EXERCISE DIRECTIONS — Write out each line of the material exactly as given, and drop the images.

***** SOURCE DATA

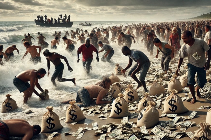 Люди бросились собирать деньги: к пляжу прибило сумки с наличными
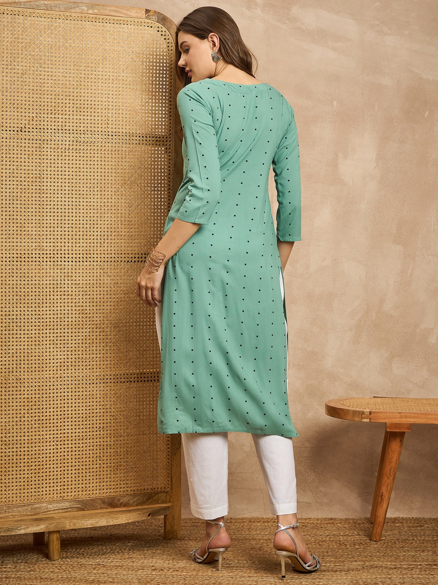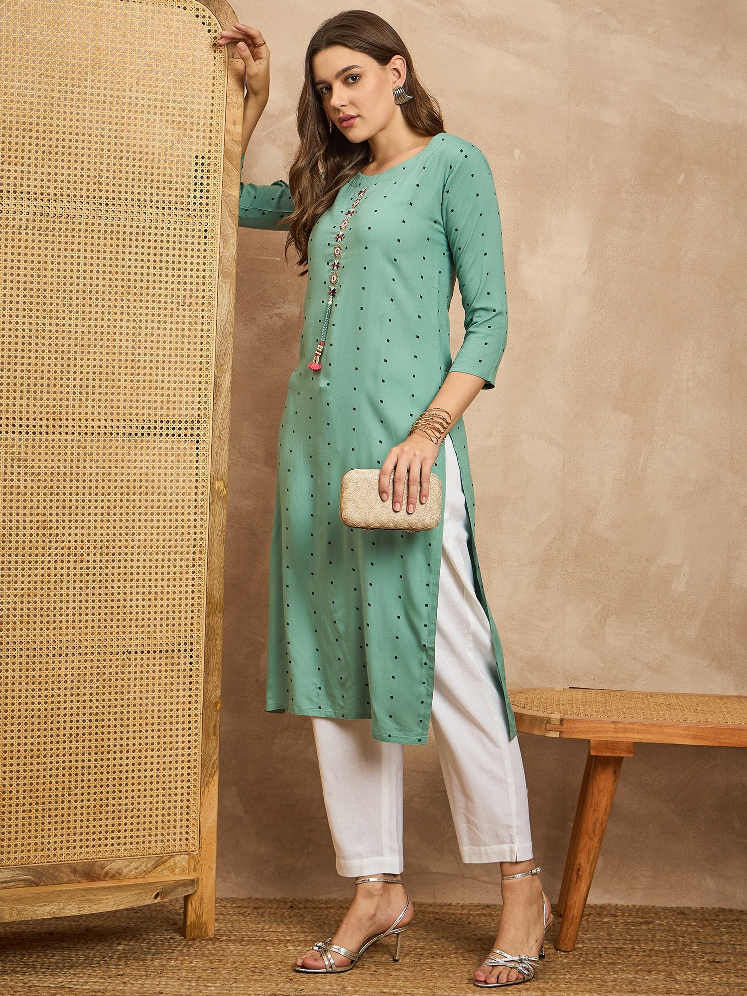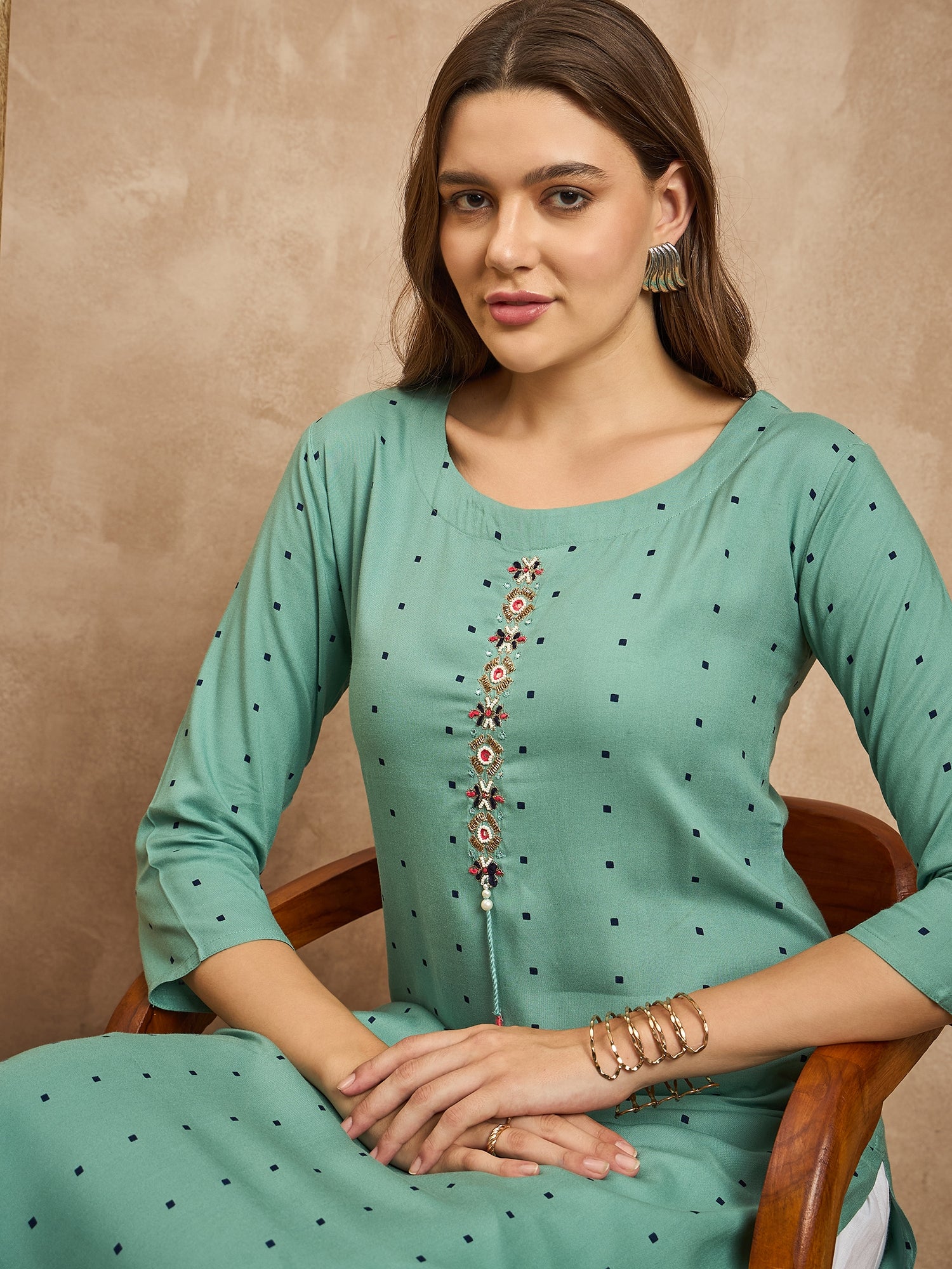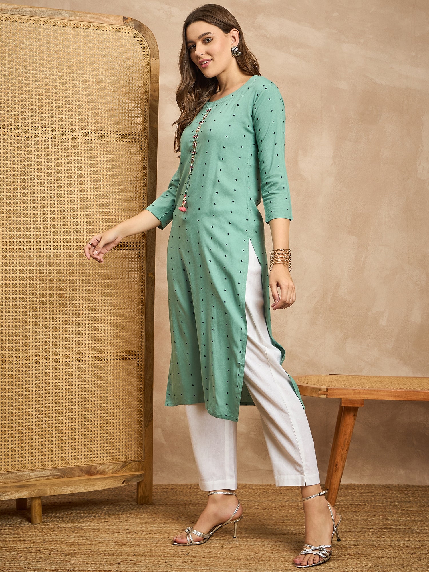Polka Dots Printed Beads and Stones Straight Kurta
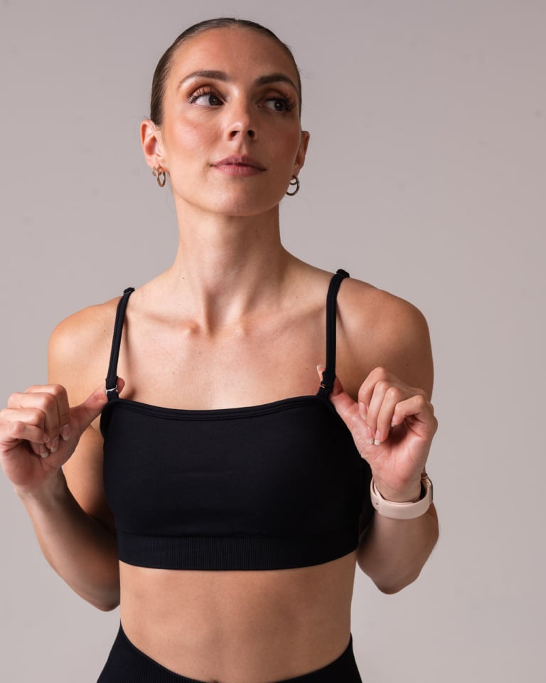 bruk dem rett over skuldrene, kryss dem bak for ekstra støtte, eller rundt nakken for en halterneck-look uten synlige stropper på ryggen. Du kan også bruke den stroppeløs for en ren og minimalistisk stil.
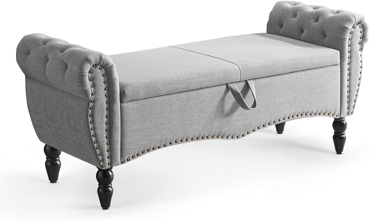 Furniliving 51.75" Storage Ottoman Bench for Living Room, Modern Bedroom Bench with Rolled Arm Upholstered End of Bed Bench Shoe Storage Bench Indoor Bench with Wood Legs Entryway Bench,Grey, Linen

**********

OUTPUT FOR THIS TASK —
 Люди бросились собирать деньги: к пляжу прибило сумки с наличными
Polka Dots Printed Beads and Stones Straight Kurta
 bruk dem rett over skuldrene, kryss dem bak for ekstra støtte, eller rundt nakken for en halterneck-look uten synlige stropper på ryggen. Du kan også bruke den stroppeløs for en ren og minimalistisk stil.
 Furniliving 51.75" Storage Ottoman Bench for Living Room, Modern Bedroom Bench with Rolled Arm Upholstered End of Bed Bench Shoe Storage Bench Indoor Bench with Wood Legs Entryway Bench,Grey, Linen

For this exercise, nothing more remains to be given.